## BRIEF
Please return, exactly and only, the lines beginning at the top of the entries below and ending with the line containing "The LEDWASH 360F"; keep out the pictures.

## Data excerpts
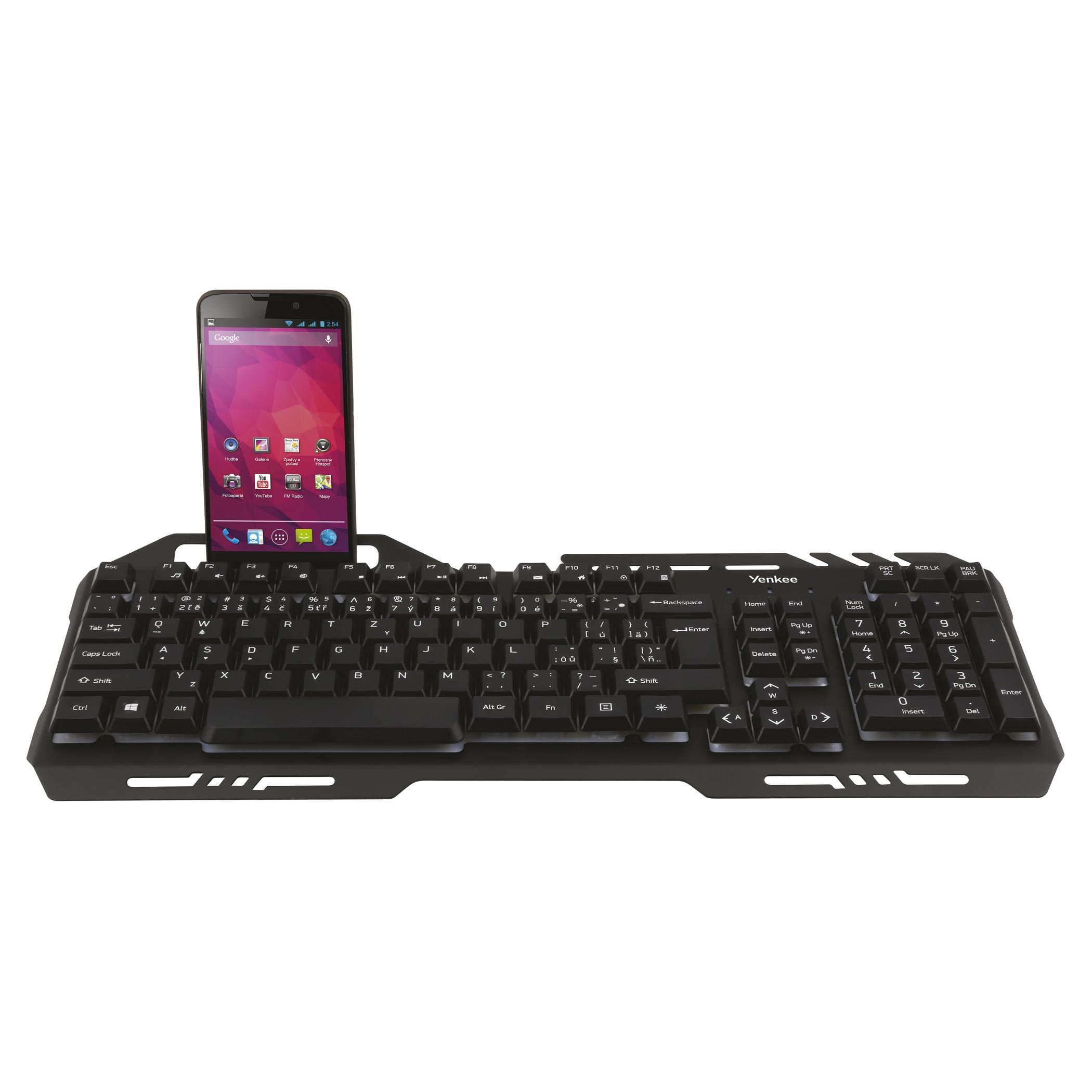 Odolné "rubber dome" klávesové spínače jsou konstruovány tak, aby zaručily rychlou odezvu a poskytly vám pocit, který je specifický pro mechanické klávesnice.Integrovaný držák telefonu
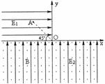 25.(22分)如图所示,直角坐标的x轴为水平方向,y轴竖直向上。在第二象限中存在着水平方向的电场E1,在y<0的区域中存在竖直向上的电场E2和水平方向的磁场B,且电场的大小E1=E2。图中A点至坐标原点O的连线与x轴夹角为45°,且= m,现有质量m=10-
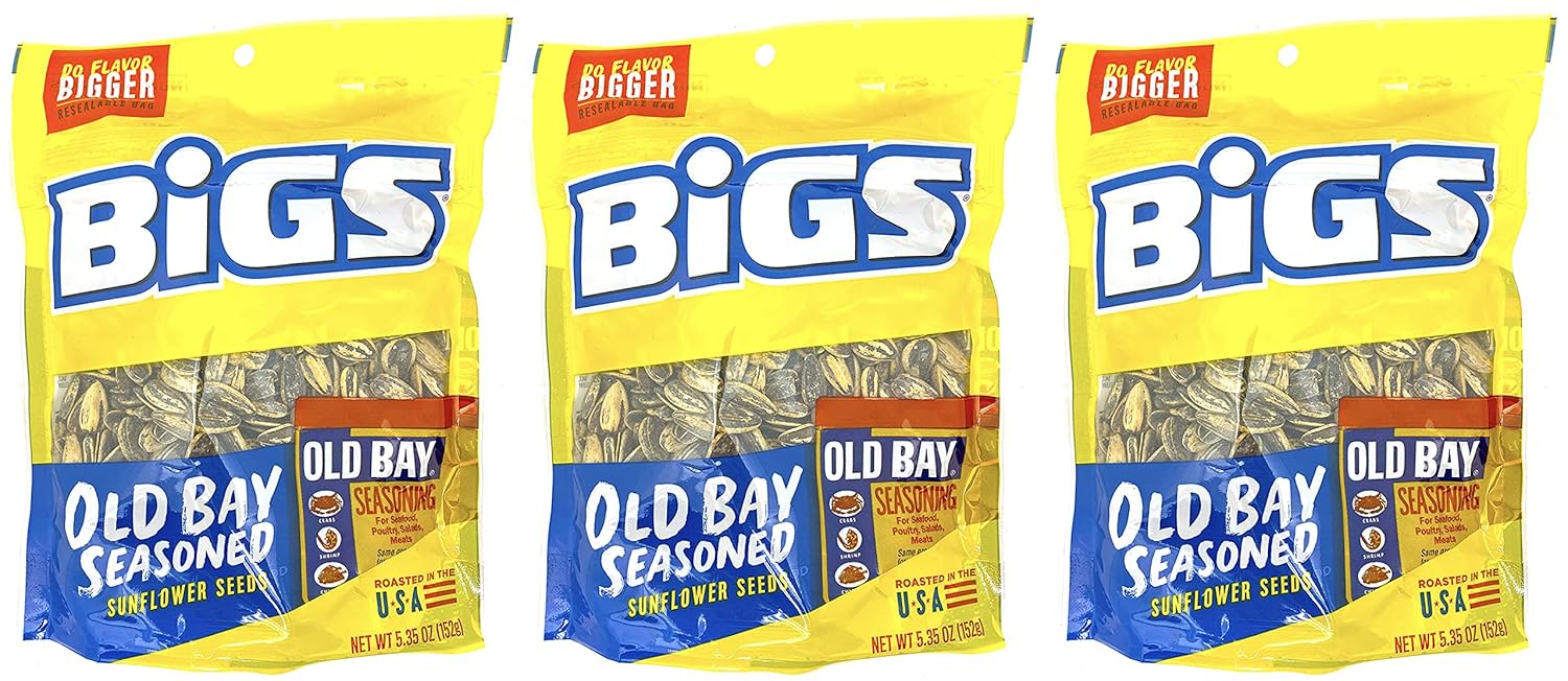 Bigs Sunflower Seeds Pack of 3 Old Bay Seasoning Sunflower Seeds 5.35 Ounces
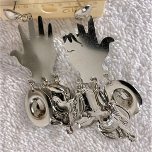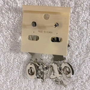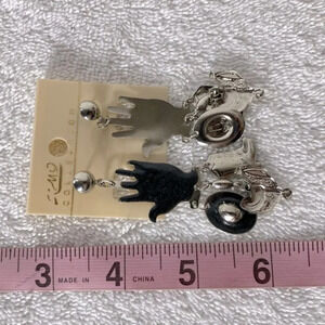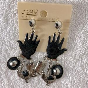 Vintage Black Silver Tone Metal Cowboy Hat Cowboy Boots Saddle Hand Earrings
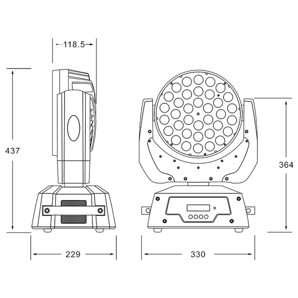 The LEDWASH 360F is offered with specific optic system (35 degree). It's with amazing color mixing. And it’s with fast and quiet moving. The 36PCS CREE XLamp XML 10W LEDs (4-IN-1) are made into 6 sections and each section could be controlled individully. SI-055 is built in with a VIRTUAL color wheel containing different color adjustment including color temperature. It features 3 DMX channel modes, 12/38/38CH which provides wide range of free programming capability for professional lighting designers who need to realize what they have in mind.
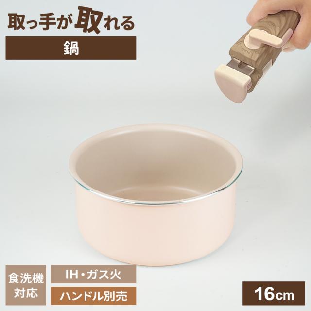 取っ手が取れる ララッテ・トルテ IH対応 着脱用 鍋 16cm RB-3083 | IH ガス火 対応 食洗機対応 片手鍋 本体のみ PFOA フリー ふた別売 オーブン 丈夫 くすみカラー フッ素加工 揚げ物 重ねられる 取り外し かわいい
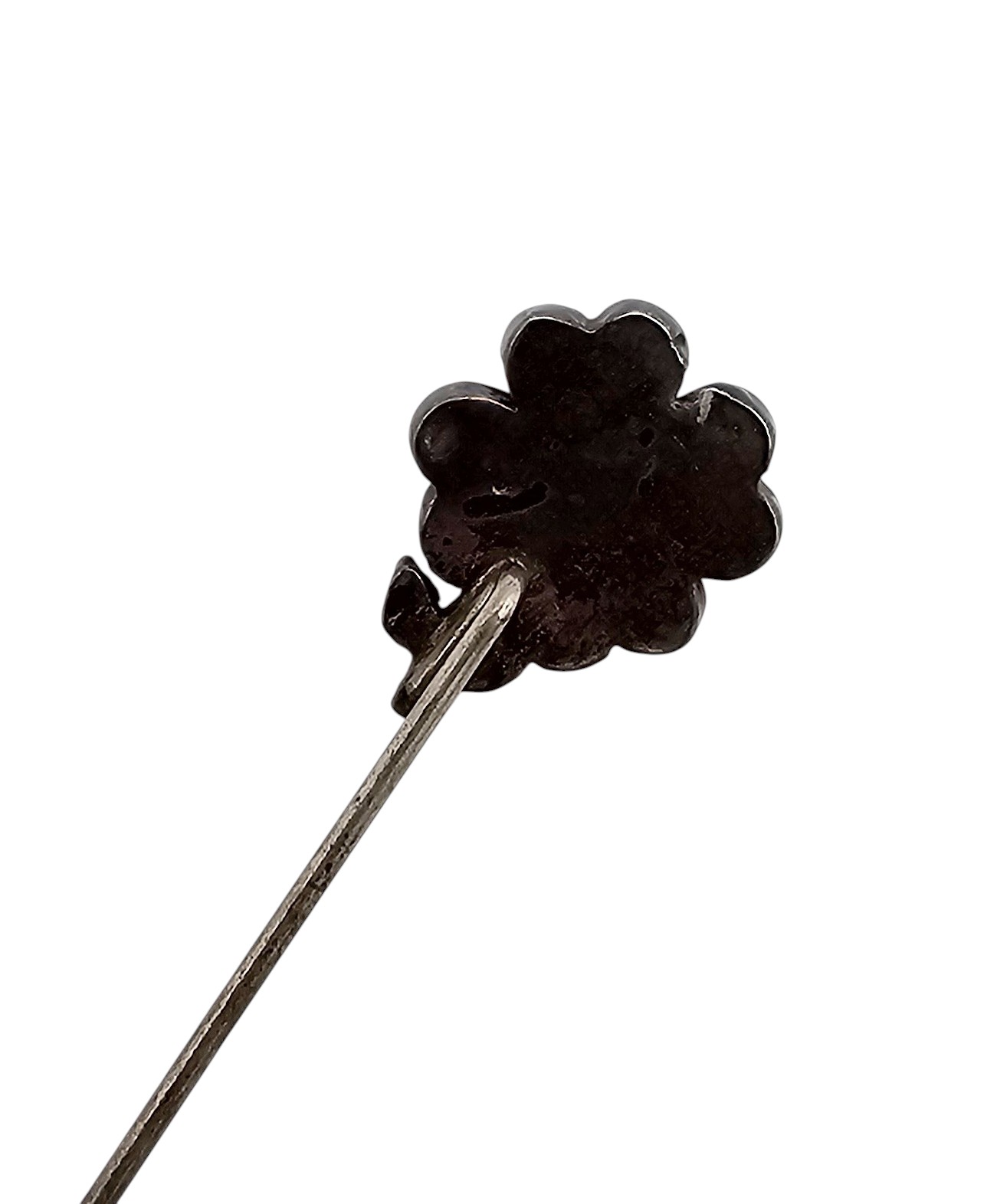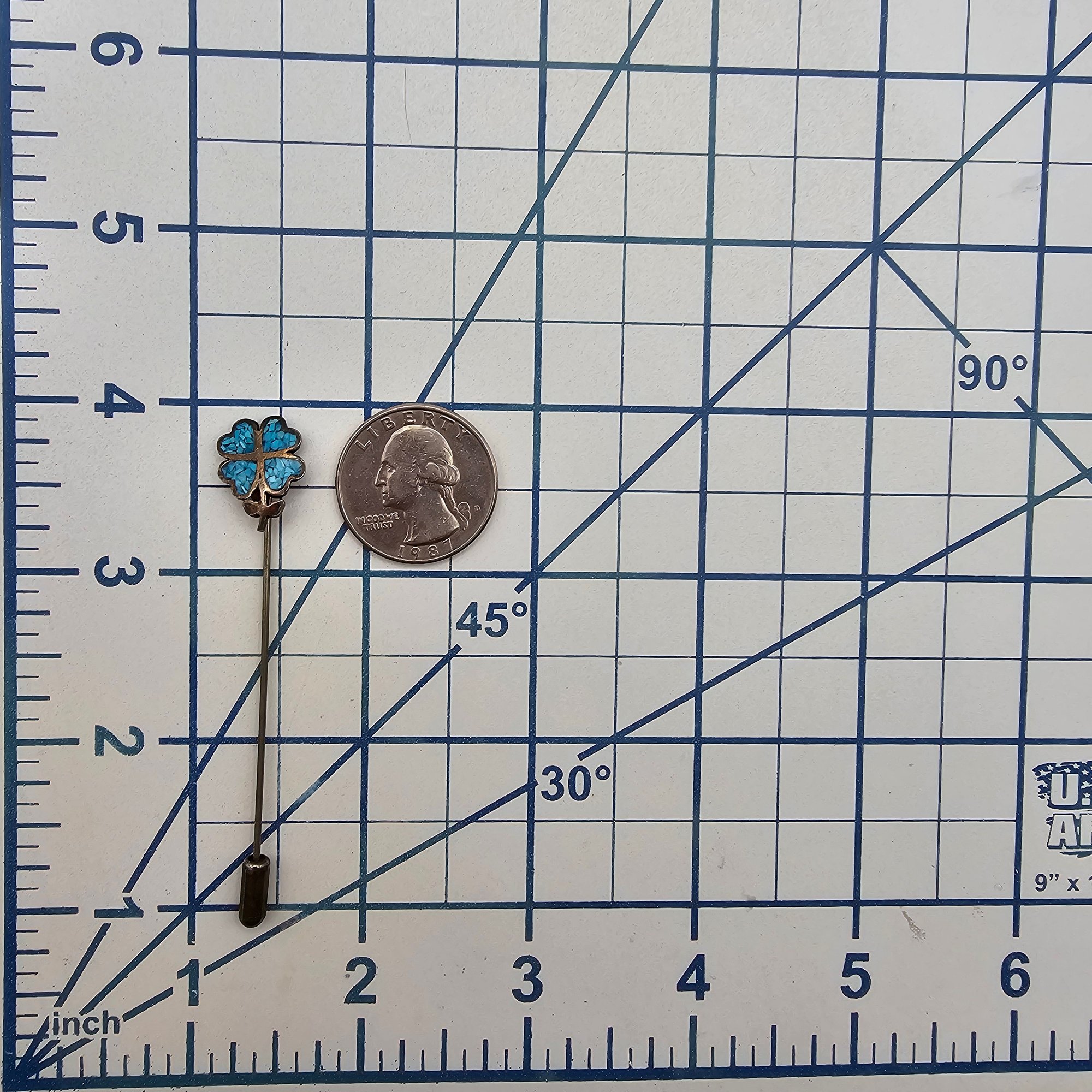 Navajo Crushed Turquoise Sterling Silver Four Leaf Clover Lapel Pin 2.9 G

## RESULT OF THIS TASK
 Odolné "rubber dome" klávesové spínače jsou konstruovány tak, aby zaručily rychlou odezvu a poskytly vám pocit, který je specifický pro mechanické klávesnice.Integrovaný držák telefonu
 25.(22分)如图所示,直角坐标的x轴为水平方向,y轴竖直向上。在第二象限中存在着水平方向的电场E1,在y<0的区域中存在竖直向上的电场E2和水平方向的磁场B,且电场的大小E1=E2。图中A点至坐标原点O的连线与x轴夹角为45°,且= m,现有质量m=10-
 Bigs Sunflower Seeds Pack of 3 Old Bay Seasoning Sunflower Seeds 5.35 Ounces
 Vintage Black Silver Tone Metal Cowboy Hat Cowboy Boots Saddle Hand Earrings
 The LEDWASH 360F is offered with specific optic system (35 degree). It's with amazing color mixing. And it’s with fast and quiet moving. The 36PCS CREE XLamp XML 10W LEDs (4-IN-1) are made into 6 sections and each section could be controlled individully. SI-055 is built in with a VIRTUAL color wheel containing different color adjustment including color temperature. It features 3 DMX channel modes, 12/38/38CH which provides wide range of free programming capability for professional lighting designers who need to realize what they have in mind.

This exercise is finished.